_TO DO_
Go to the line with "跨境新款2条装圣诞节手链 创意小众软陶圣诞老人雪花串珠弹力手串" in the records below, then output it and each following line exactly, up to and including the line with "gr. vol. in". Skip pictures and add nothing.
== EXERCISE INPUTS ==
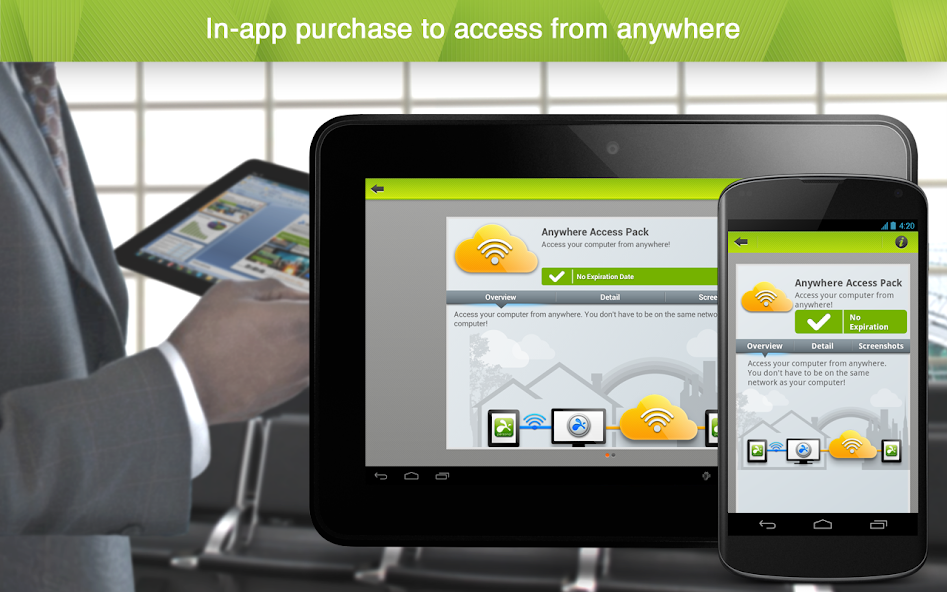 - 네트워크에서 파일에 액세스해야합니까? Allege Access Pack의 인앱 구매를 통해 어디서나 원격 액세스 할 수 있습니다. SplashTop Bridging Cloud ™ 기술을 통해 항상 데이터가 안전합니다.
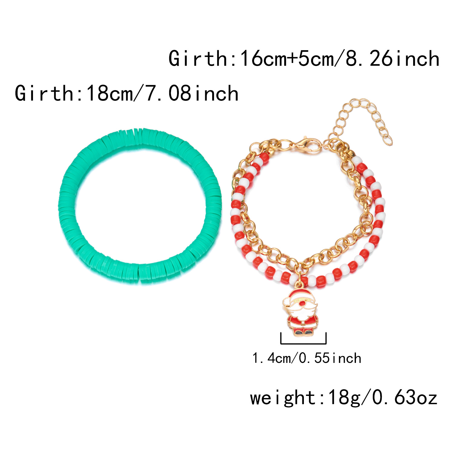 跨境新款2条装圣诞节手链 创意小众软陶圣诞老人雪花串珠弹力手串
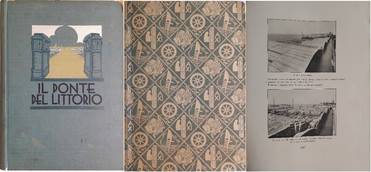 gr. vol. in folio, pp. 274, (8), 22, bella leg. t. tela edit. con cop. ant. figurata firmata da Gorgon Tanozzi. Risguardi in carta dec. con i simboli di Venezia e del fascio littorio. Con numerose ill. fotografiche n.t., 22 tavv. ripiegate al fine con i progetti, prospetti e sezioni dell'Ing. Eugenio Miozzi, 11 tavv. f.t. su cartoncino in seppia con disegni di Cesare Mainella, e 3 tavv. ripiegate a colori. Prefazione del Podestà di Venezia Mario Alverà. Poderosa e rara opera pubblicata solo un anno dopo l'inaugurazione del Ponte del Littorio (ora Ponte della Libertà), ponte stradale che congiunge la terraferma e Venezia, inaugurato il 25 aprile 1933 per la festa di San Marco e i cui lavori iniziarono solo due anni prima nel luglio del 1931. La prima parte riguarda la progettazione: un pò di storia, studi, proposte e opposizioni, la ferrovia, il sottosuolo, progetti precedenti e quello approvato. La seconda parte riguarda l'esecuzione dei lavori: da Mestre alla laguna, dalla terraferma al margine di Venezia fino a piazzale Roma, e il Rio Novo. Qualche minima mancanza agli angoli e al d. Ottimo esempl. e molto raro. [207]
===
== EXERCISE INPUTS ==
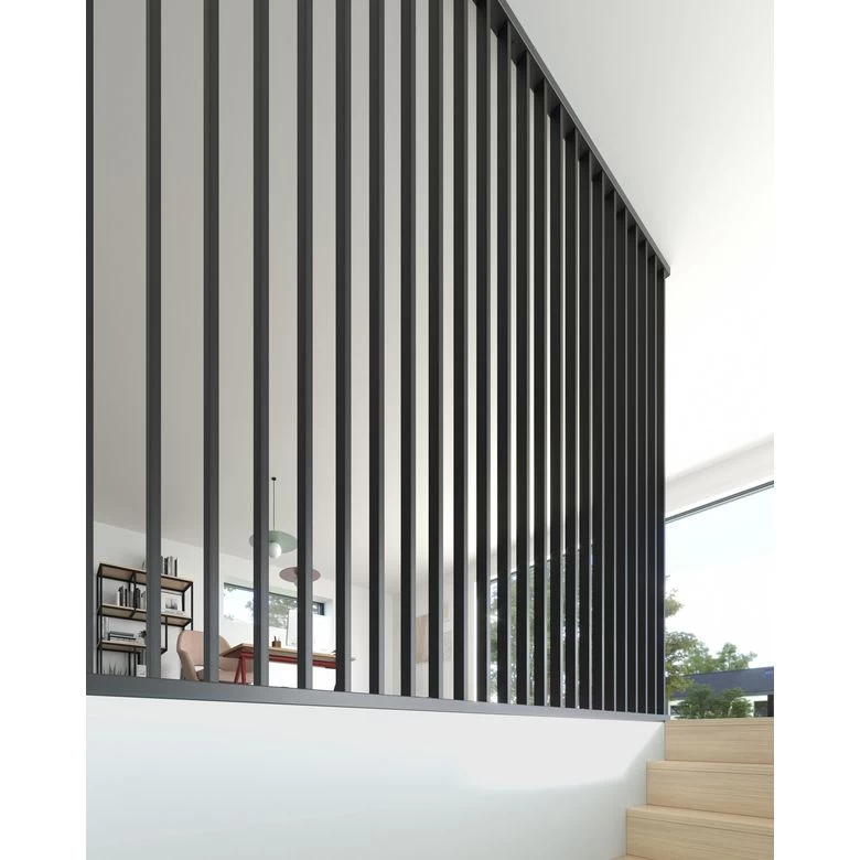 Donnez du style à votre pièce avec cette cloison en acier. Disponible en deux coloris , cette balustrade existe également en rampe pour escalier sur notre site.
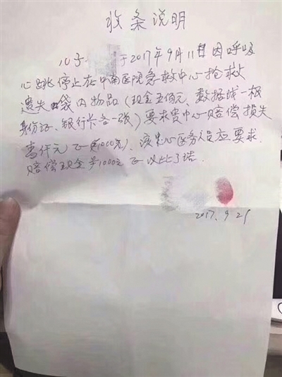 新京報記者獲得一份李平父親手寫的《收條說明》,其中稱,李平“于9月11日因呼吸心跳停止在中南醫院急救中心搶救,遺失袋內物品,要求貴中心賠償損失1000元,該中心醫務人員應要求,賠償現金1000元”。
===
== EXERCISE INPUTS ==
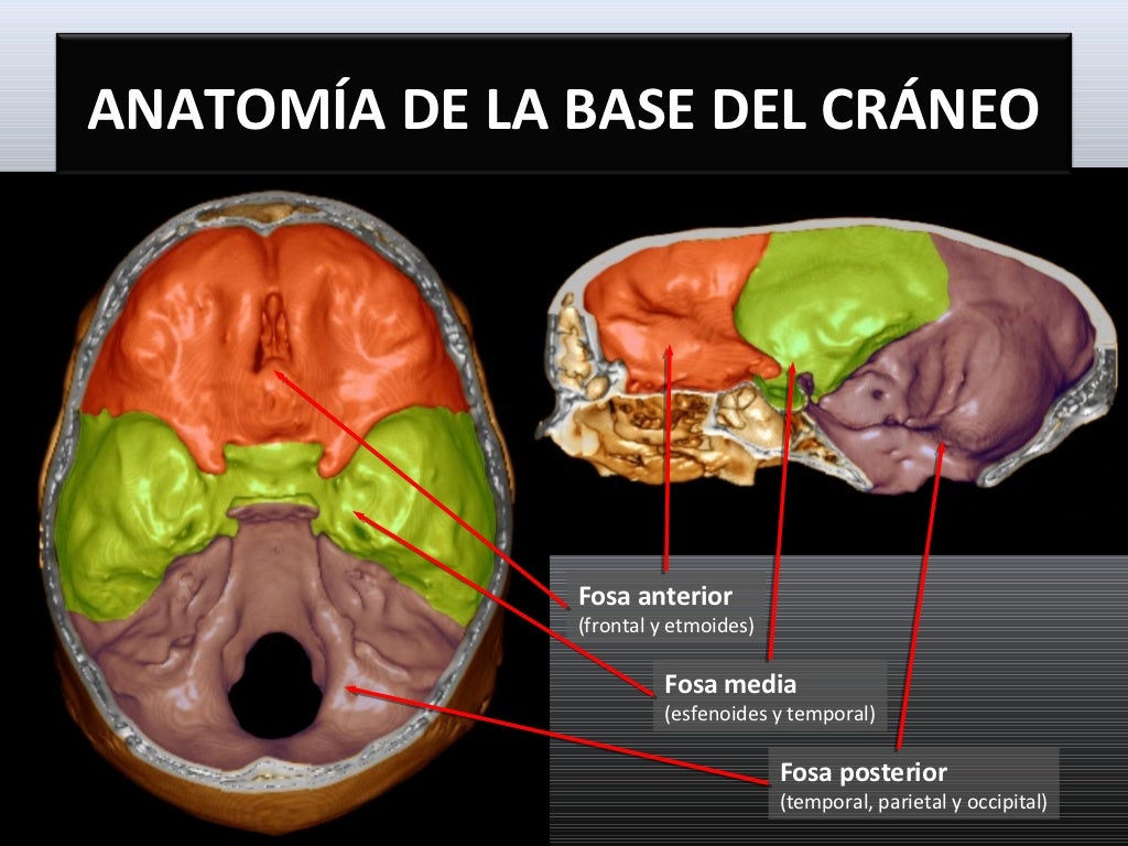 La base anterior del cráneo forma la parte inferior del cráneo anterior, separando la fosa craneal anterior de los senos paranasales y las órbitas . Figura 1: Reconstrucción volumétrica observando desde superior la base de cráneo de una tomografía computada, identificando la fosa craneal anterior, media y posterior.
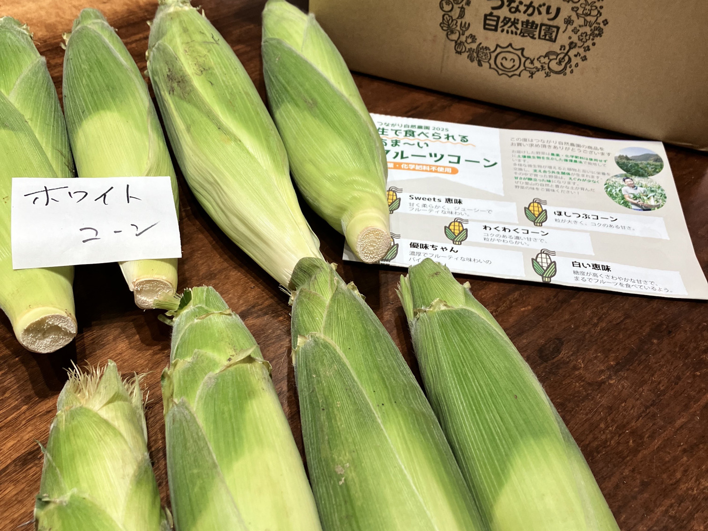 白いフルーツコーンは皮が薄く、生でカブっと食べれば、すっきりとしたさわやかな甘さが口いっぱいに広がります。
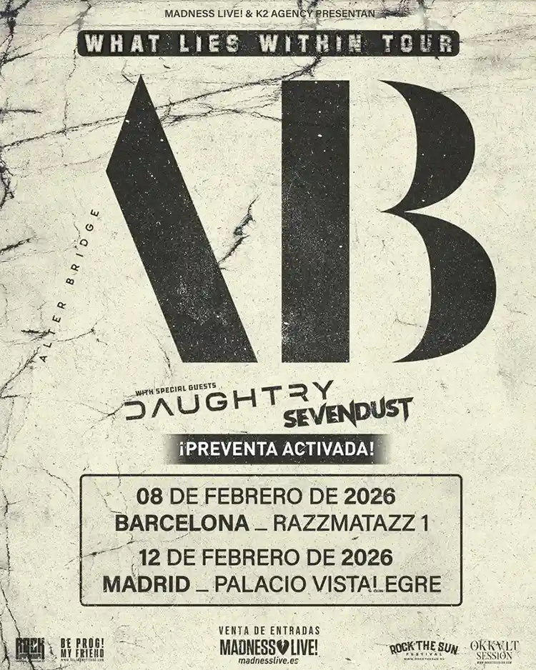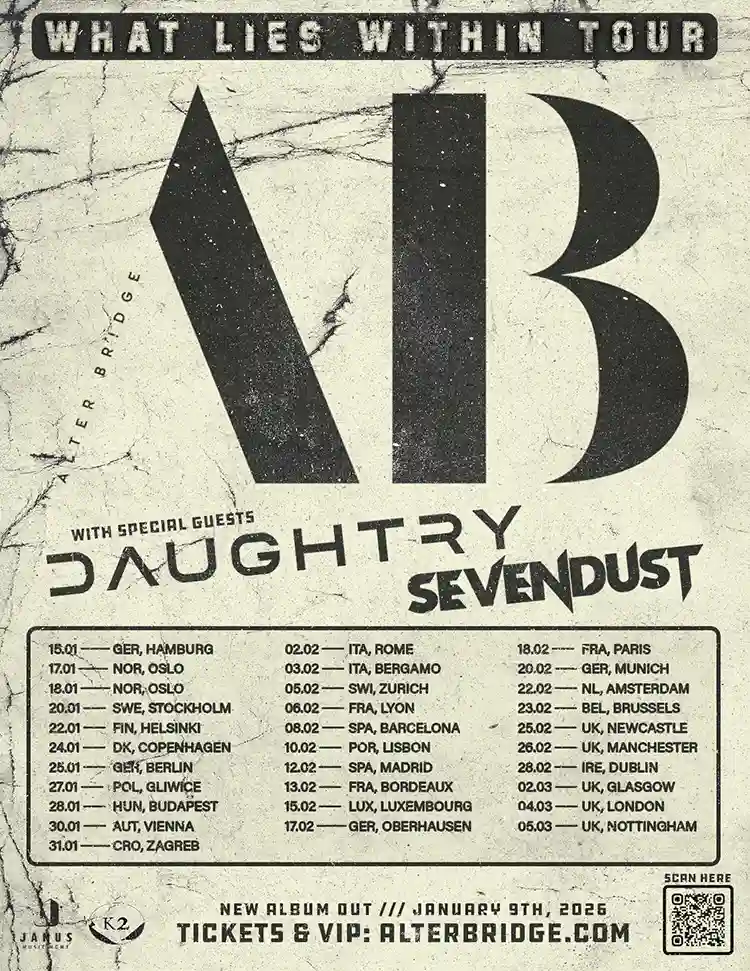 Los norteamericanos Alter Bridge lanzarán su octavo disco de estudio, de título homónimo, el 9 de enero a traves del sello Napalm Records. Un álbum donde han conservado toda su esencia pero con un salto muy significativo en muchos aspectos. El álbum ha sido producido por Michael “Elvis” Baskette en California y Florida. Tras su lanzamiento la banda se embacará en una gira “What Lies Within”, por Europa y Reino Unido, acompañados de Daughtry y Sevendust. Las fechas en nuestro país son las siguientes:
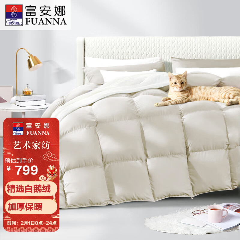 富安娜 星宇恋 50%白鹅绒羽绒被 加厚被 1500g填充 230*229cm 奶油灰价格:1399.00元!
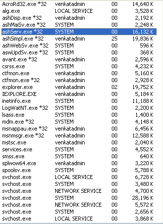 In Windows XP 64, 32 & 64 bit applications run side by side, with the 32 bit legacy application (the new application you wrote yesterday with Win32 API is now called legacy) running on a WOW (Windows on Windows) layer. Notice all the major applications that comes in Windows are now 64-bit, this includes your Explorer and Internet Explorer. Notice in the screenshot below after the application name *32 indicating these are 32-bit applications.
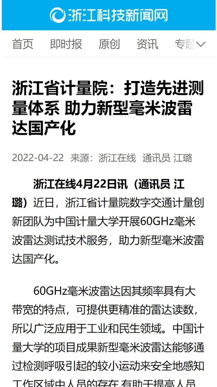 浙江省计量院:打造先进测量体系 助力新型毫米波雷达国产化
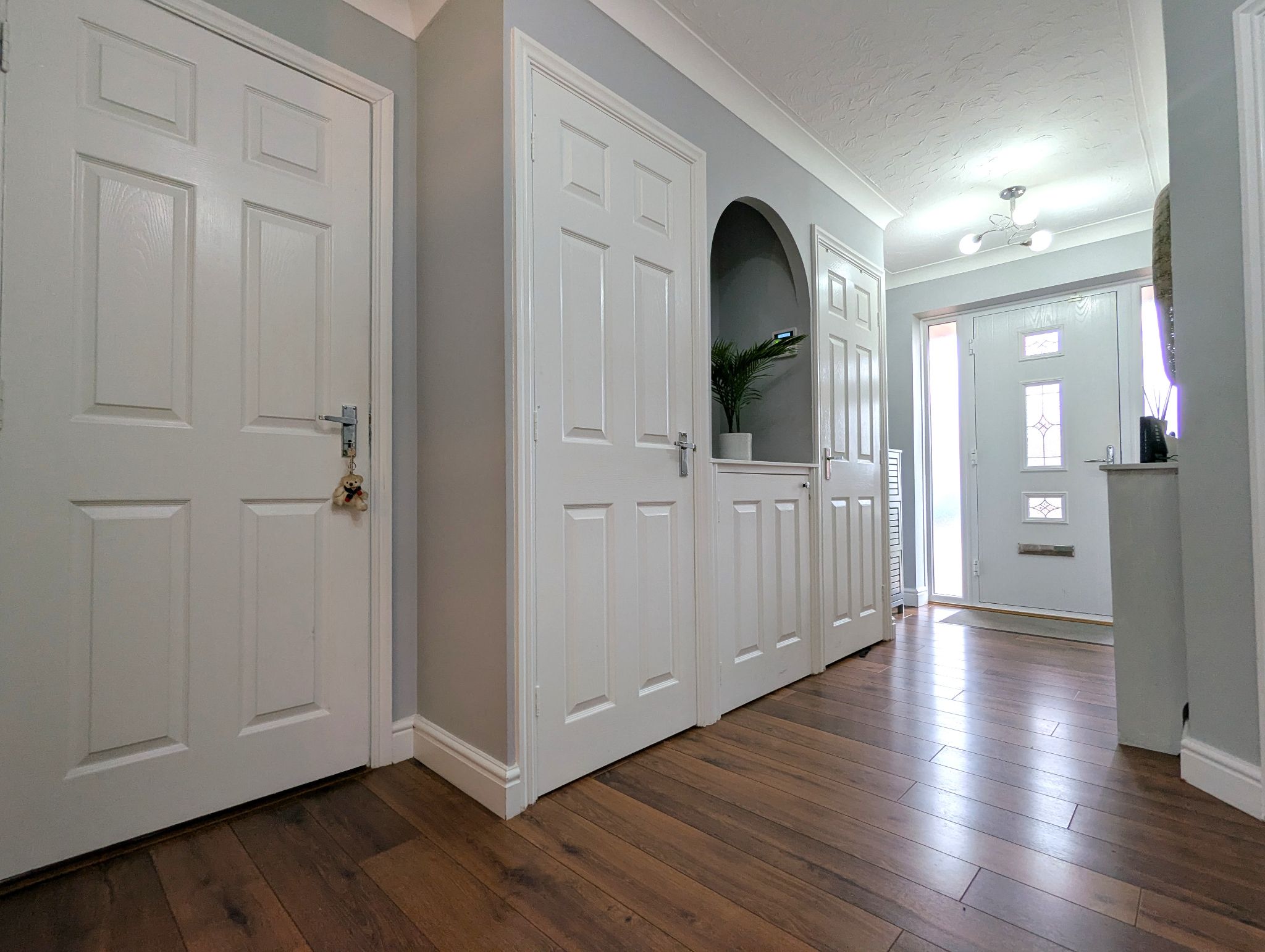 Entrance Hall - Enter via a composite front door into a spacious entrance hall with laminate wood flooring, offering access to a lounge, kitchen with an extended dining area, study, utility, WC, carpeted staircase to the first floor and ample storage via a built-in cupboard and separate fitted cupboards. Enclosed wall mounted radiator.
===
_EXERCISE OUTPUT_
 跨境新款2条装圣诞节手链 创意小众软陶圣诞老人雪花串珠弹力手串
 gr. vol. in folio, pp. 274, (8), 22, bella leg. t. tela edit. con cop. ant. figurata firmata da Gorgon Tanozzi. Risguardi in carta dec. con i simboli di Venezia e del fascio littorio. Con numerose ill. fotografiche n.t., 22 tavv. ripiegate al fine con i progetti, prospetti e sezioni dell'Ing. Eugenio Miozzi, 11 tavv. f.t. su cartoncino in seppia con disegni di Cesare Mainella, e 3 tavv. ripiegate a colori. Prefazione del Podestà di Venezia Mario Alverà. Poderosa e rara opera pubblicata solo un anno dopo l'inaugurazione del Ponte del Littorio (ora Ponte della Libertà), ponte stradale che congiunge la terraferma e Venezia, inaugurato il 25 aprile 1933 per la festa di San Marco e i cui lavori iniziarono solo due anni prima nel luglio del 1931. La prima parte riguarda la progettazione: un pò di storia, studi, proposte e opposizioni, la ferrovia, il sottosuolo, progetti precedenti e quello approvato. La seconda parte riguarda l'esecuzione dei lavori: da Mestre alla laguna, dalla terraferma al margine di Venezia fino a piazzale Roma, e il Rio Novo. Qualche minima mancanza agli angoli e al d. Ottimo esempl. e molto raro. [207]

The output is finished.